:: Task details ::
Return the material exactly, first line through the line containing "曠翠萍在全國(guó)衛(w", and nothing more. Pictures stay out.

:: Data segment ::
◇ ◇ ◇ ◇ ◇ ◇ ◇
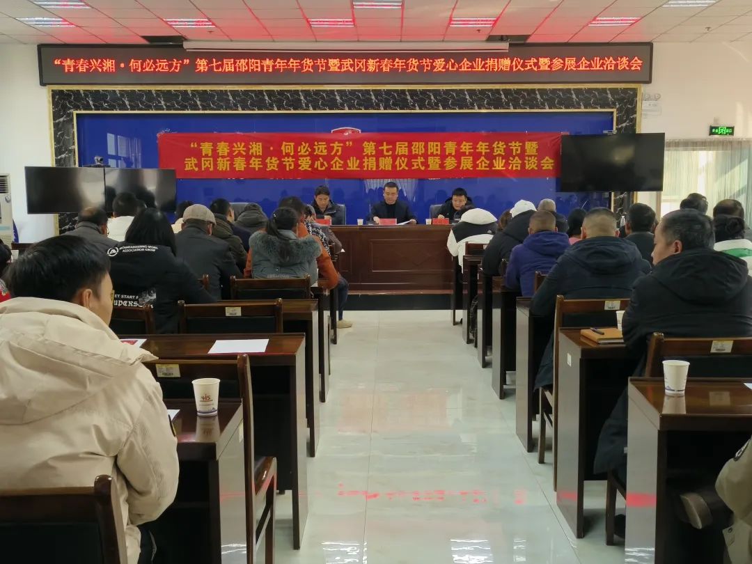 1月23日,“青春兴湘·何必远方”第七届邵阳青年年货节暨武冈新春年货节参展企业洽谈会在武冈市召开。市人民政府副市长廖丹出席会议,市委办、市政府办、市委宣传部等市直有关单位负责人、爱心企业及参展企业负责人、助农主播、团市委工作人员及“红小帽”志愿者等100余人参加会议。会议由市委办副主任沈程永主持。
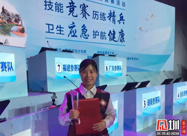 曠翠萍在全國(guó)衛(wèi)生應(yīng)急技能大賽獲獎(jiǎng)現(xiàn)場(chǎng)。
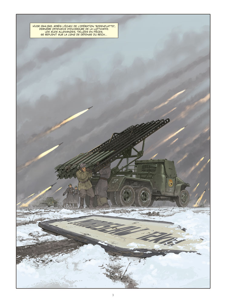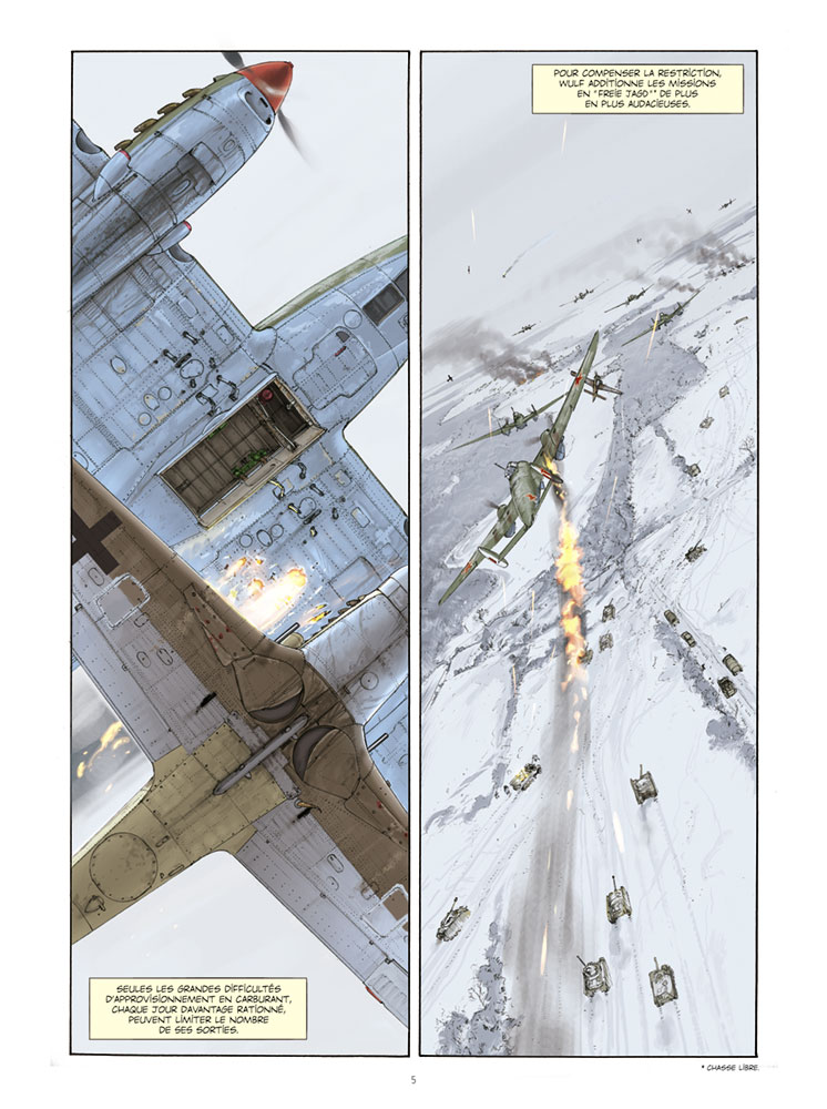 Comment décrire l'admiration que je porte aux auteurs pour le formidable travail de recherche accompli tant historiquement que sur le plan uniformologique et matériel militaire. Camouflage, peintures, armement, véhicules, décorations et drapeaux régimentaires... tout est parfaitement conforme à la réalité. J'en reste pantois car étant ancien collectionneur de militaria WWII, je mesure l'exactitude des planches réalisées. Rien n'est laissé au hasard. Pas une fausse note, tout est rigoureusement exact. Il est à noter que Romain Hugault est pilote confirmé depuis des années et qu'il s'est adjoint les services de Monsieur Herbert Leonard, chanteur à ses moments perdus mais aussi et surtout journaliste aéronautique et expert en aviation militaire Russe de la seconde guerre mondiale ayant écrit quelques ouvrages sur le sujet.
◇ ◇ ◇ ◇ ◇ ◇ ◇
:: Task response ::
 1月23日,“青春兴湘·何必远方”第七届邵阳青年年货节暨武冈新春年货节参展企业洽谈会在武冈市召开。市人民政府副市长廖丹出席会议,市委办、市政府办、市委宣传部等市直有关单位负责人、爱心企业及参展企业负责人、助农主播、团市委工作人员及“红小帽”志愿者等100余人参加会议。会议由市委办副主任沈程永主持。
 曠翠萍在全國(guó)衛(wèi)生應(yīng)急技能大賽獲獎(jiǎng)現(xiàn)場(chǎng)。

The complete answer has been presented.